きょう取り上げた個所は、妻と夫に対する勧めのことばです。大きな流れからいうと、ペトロは、2章11節以下で、この世に生きるキリスト者について、その基本的な生き方の姿勢を記しました。それは、天国へと向かう旅人の姿であり、また、この世に一時滞在する寄留者の姿であるということでした。それは、しかし、この世と無関係に生きる姿勢ではなく、一時にすぎないからと言って、自由奔放な恥知らずの生き方でもありません。むしろ、この世に対しては、神の国の民にふさわしい品位をもって生きることが勧められ、すべての人に対して、敬愛の念を持つ生き方です。
妻と夫に対しても、聖書の大きな前提は変わりません。少し残念に思うかもしれませんが、聖書は夫婦の関係をこの世に生きる間のものと考えています。夫婦どちらかの死を超えてまでも、相手をつなぎ留めておく関係ではありません(1コリント7:39)。イエス・キリストご自身、来るべき世では、めとったり嫁いだりしないとも明言しています(マルコ12:25)。ですから、キリスト教会では、結婚のときに求められる誓約は、永遠の愛ではなくて、死が二人を分かつ時までの愛です。
しかし、それにも関わらず、この地上にいる間の夫婦の関係は、けっしてどうでもよいものではありません。
では、この手紙では、クリスチャンである夫と妻に対して、それぞれ、どんなことを求めているのでしょうか。
ざっと読んだだけでも、妻に対する勧めの言葉が、夫に対する勧めの言葉の6倍もあることに気がつきます。しかも、妻に対して、開口一番に勧められることは、夫への従順です。
ここまでを読むと、妻に対して不公平な勧めであるように誤解をしてしまうかもしれません。確かに、今の時代に生きるクリスチャン夫婦に対してであれば、もう少し違ったアプローチで書いたかもしれません。

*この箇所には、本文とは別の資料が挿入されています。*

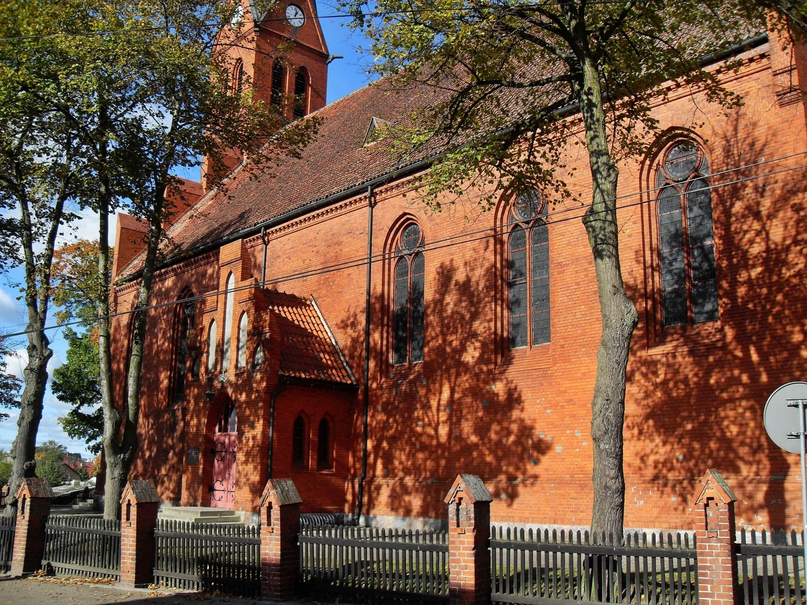 Outer sidewall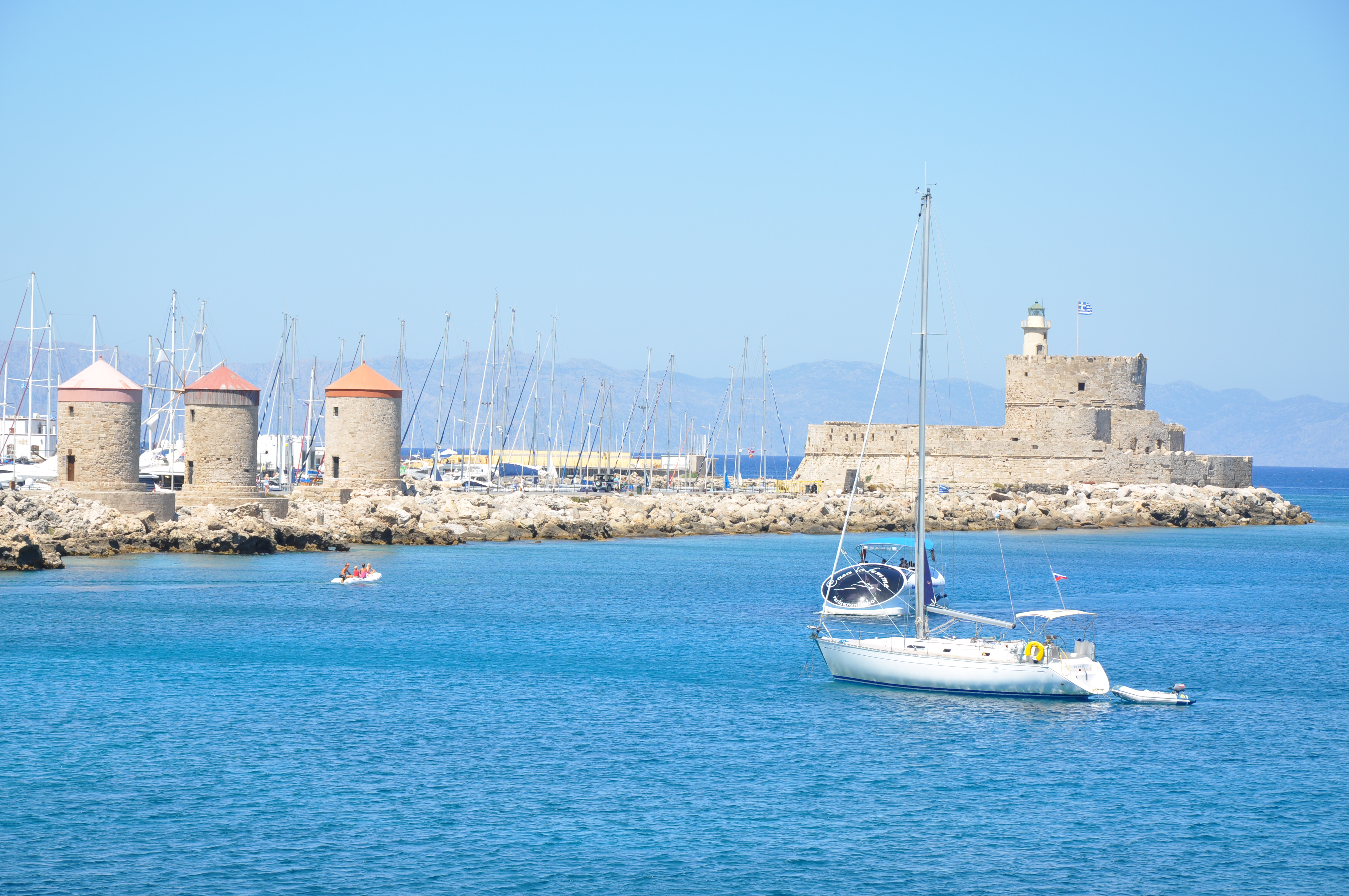 Agios Nikolaos Fortress and lighthouse in Rhodes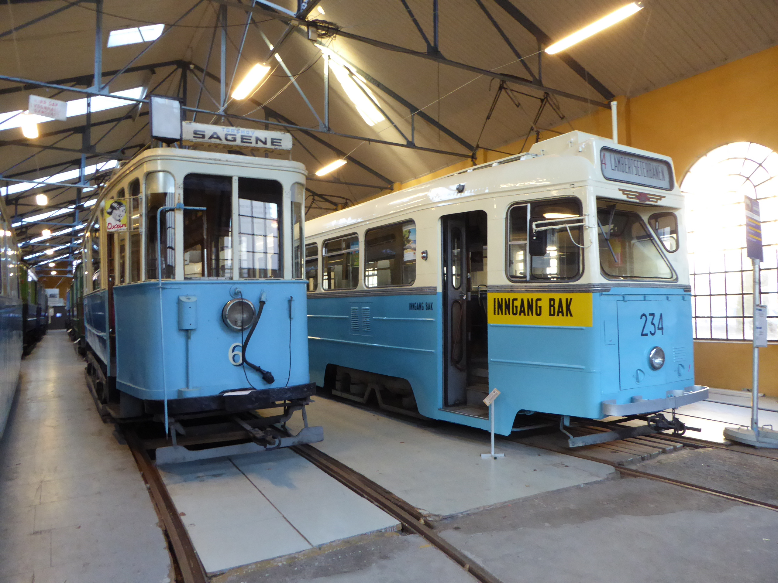 The trams OS 6 of Oslo Sporveier from 1918 and OS 234 of Oslo Sporveier from 1957 at Sporveismuseet in Oslo.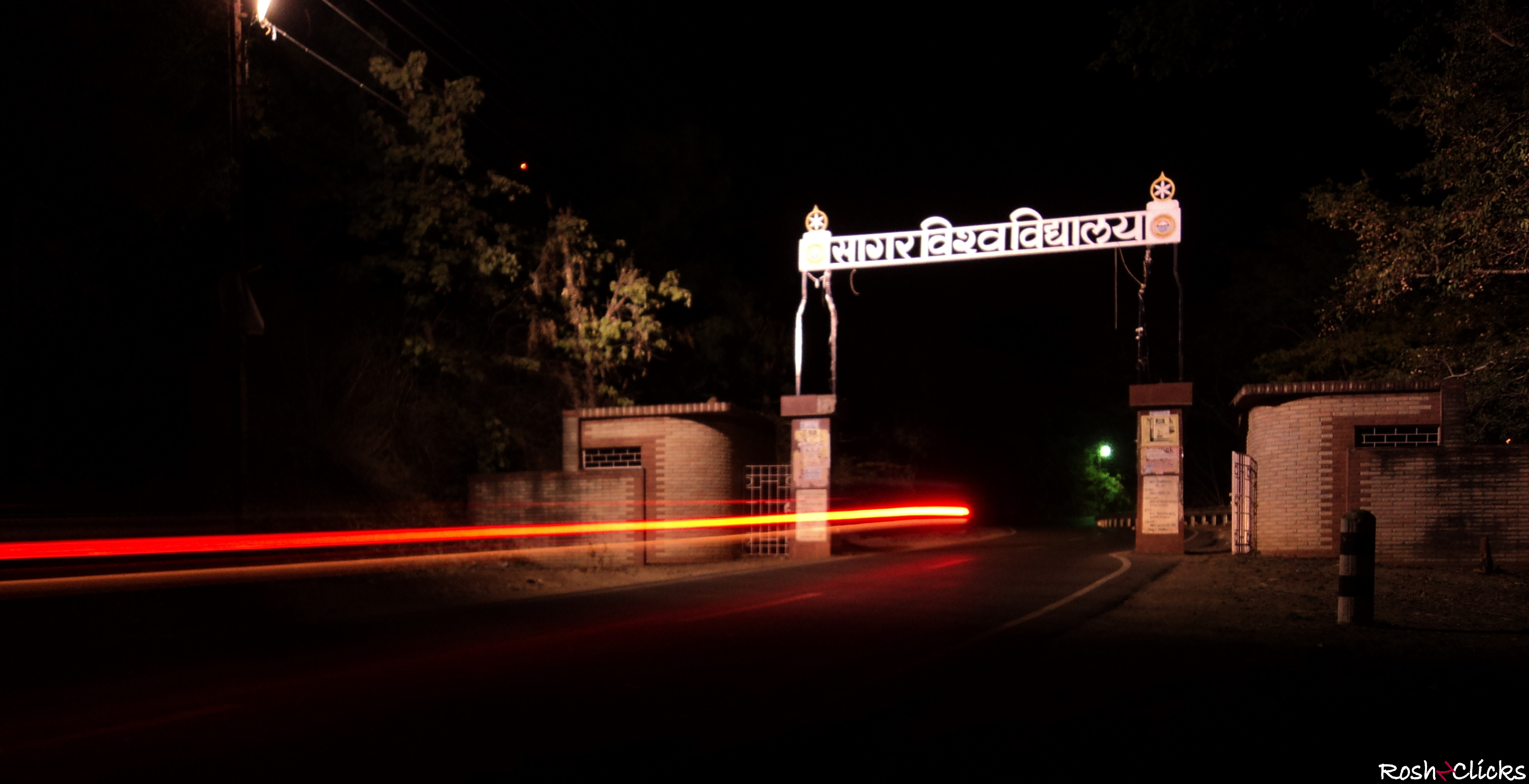 Its is the entry gate of sagar central university, Sagar M.P This photograph of Sagar university entrance was clicked by Roshan Jain (Class of 2012), more of his works can be seen by visiting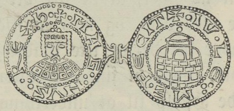 Coin of Magnus the Good minted in Denmark.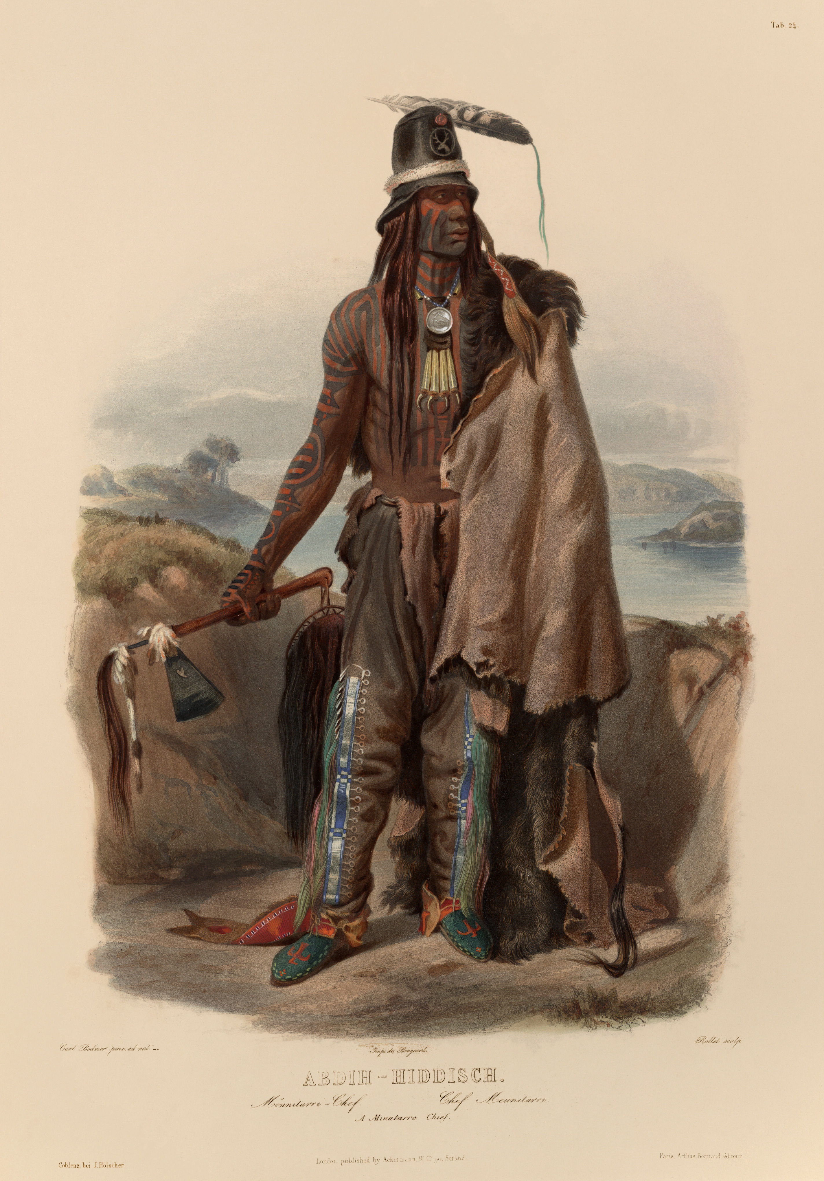 Road Maker, or Aríìhiriš, a 19th-century Hidatsa chief. The Hidatsa are Siouan people. Hidatsa are enrolled in the federally recognized Three Affiliated Tribes of the Fort Berthold Reservation in North Dakota. Their language is related to that of the Crow, and they are sometimes considered a parent tribe to the modern Crow in Montana.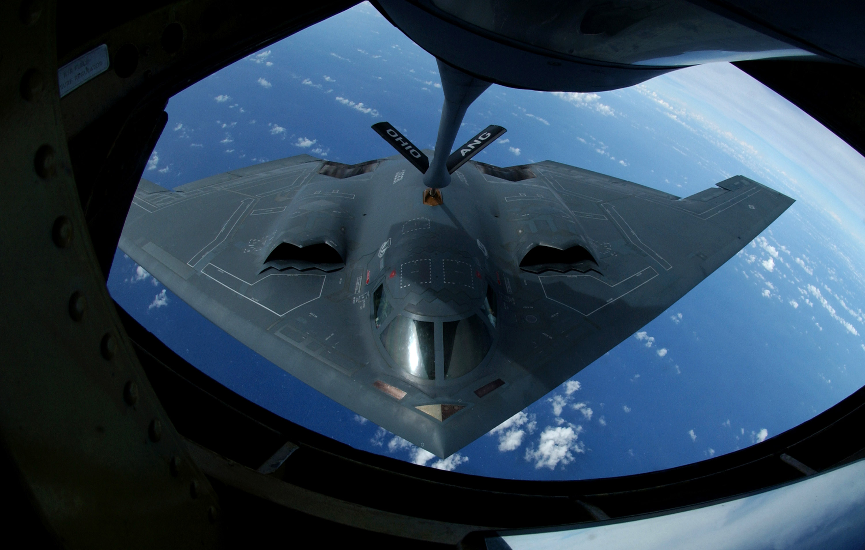 A KC-135 Stratotanker refuels a B-2 Spirit Nov. 20 over the Pacific Ocean. The B-2 and KC-135 are deployed to Andersen Air Force Base, Guam, to support U.S. Pacific Command's continuous bomber presence and theater security package operations. The KC-135 is assigned to the from the 121st Refueling Wing from Rickenbacker International Airport at Columbus, Ohio. The B-2 is assigned to the 509th Bomb Wing from Whiteman AFB, Mo. (U.S. Air Force photo/Senior Airman Brian Kimball)

まず、この勧めの言葉を正しく理解するためには、この時代の世間一般の人たちが抱いていた女性観について、また妻の地位に関して知っておく必要があります。それはまた、この時代に生きる女性たちがキリスト教に入信することをどれほど困難にしていたか、ということでもあります。男性が信仰を持つよりも、直面する困難が女性にははるかに多かったということです。
特にここでも挙げられているように、夫婦ともにクリスチャンの家庭でない場合、とりわけ妻だけが入信した場合、折々に困難を味わったことでしょう。この点は今の日本でもそうかもしれません。
未信者である夫が抱く不満のすべてが、キリスト教信仰への攻撃にすり替えられてしまうということは、よくあることです。その機会を与えないようにするためにも、日常生活の振る舞いに心を用いることが勧められています。
言葉で正論を述べれば、夫を打ち負かすこともできるでしょう。しかし、あえてそれを勧めないのは、言葉で未信者の夫を打ち負かしたとしても、夫から敬愛されることがないからです。たとえ相手が信仰を持たない夫であったとしても、夫婦としてより良い関係を持続することに意を用いることが、結果として、夫を信仰へと導く道を開くことになるのです。いえ、必ずそうなるというのではなく、妻の無言の行いによって、夫が信仰へと導かれることを期待して、神の国の民にふさわしい振る舞いで夫婦として生きるということです。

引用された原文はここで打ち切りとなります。